A través de la propaganda, la manipulación y el miedo; el movimiento ecológico, elevado a dogma infalible amenaza, bajo el Acuerdo de Paris y la Agenda 2030 de Desarrollo Sostenible, con transformar de manera drástica nuestro estilo de vida, anular tiránicamente nuestros derechos fundamentales y destruir, a través de leyes inmorales, los mismos cimientos de nuestra sociedad. Desafortunadamente, el hombre de hoy, “autónomo y descreído” ha encontrado en la falsa superioridad moral que otorga el adherirse a la ideología ambientalista, una religión sincrética y universal que en su fanática soberbia cree que el mundo entero depende, no de Dios, sino de los pobres esfuerzos humanos. Por ello son varios, especialmente entre los más jóvenes, que están dispuestos para salvar al planeta: a sembrar y a abrazar árboles mientras arrasan con la ganadería en nombre de los derechos de los animales; a no tener hijos (así los tengan que asesinar antes de nacer) mientras adoptan mascotas a las que tratan como sus herederos; a dejar de comer carne, volverse veganos y hasta a comer insectos; a recorrer, en monopatín, las ciudades de 15 minutos (futuras prisiones voluntarias); a no tener nada y ser felices, pues siempre quedará el metaverso para hacer “realidad” los más extravagantes delirios.
Nuestra rebelde sociedad, ha rechazado el lugar preponderante que Dios le dio al hombre al encomendarle la trascendental misión de procrear, multiplicarse, henchir la tierra; someterla y dominar sobre todo cuanto vive. En su lugar, ha adoptado como dogma una perversa ideología que reduce al hombre al nivel de un parásito peligroso que hay que limitar y hasta destruir.

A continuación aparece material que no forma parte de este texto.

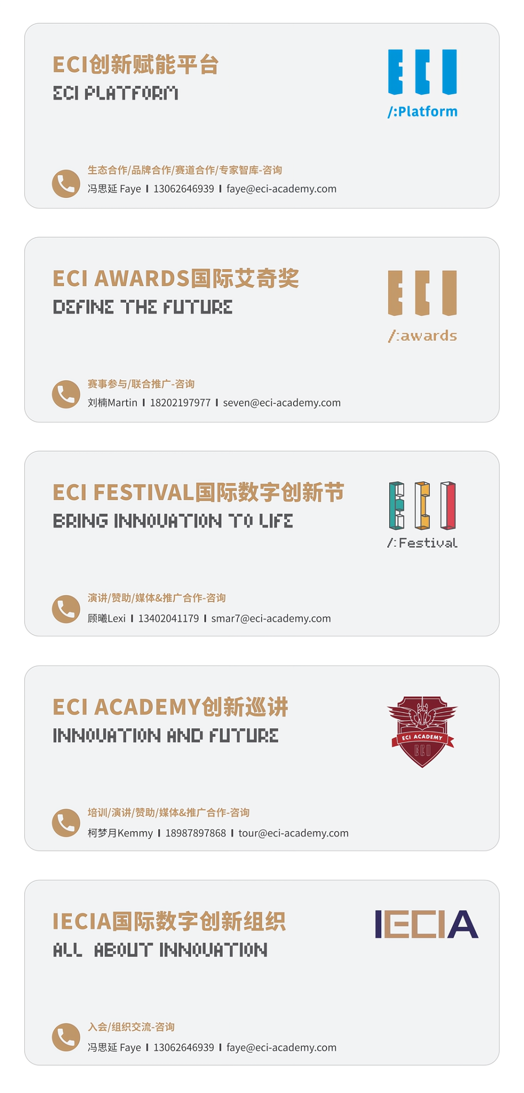 The ECI Awards(known as Entrepreneurship, Creativity & Innovation Awards), founded in 2014, is initiated jointly by Chinese scholars and global innovative digital business experts who from 27 countries and regions that activated by an educational institute of philanthropic, academic and independent studying(IECIA). The ECI Awards, being the first universal honor which implementing an evaluation standard remarked as "The effectiveness of Innovation" in the field of digital creativity worldwide. It recognizes those people and organizations who achieve excellent achievements on business models, products, services, technologies, marketing and managing, inspiring the implementing of commercial and creative industries around the world. The ECI Awards, the "Nobel Prize" of the most authorized and effective digital economic innovation, is guiding application of innovation, defining the future.

El mayor problema que enfrenta actualmente nuestra sociedad no es el cambio climático, sino nuestra abierta rebelión a la ley de Dios. Despertemos ahora, que aún estamos a tiempo. Lo que está en juego no es el futuro del planeta, sino el nuestro y el de nuestros hijos. Recordemos que nuestro verdadero hogar es el cielo y enfoquemos nuestros esfuerzos en llegar a él. Busquemos primero el reino de Dios y lo demás (incluso el cuidado por la naturaleza) se nos dará por añadidura.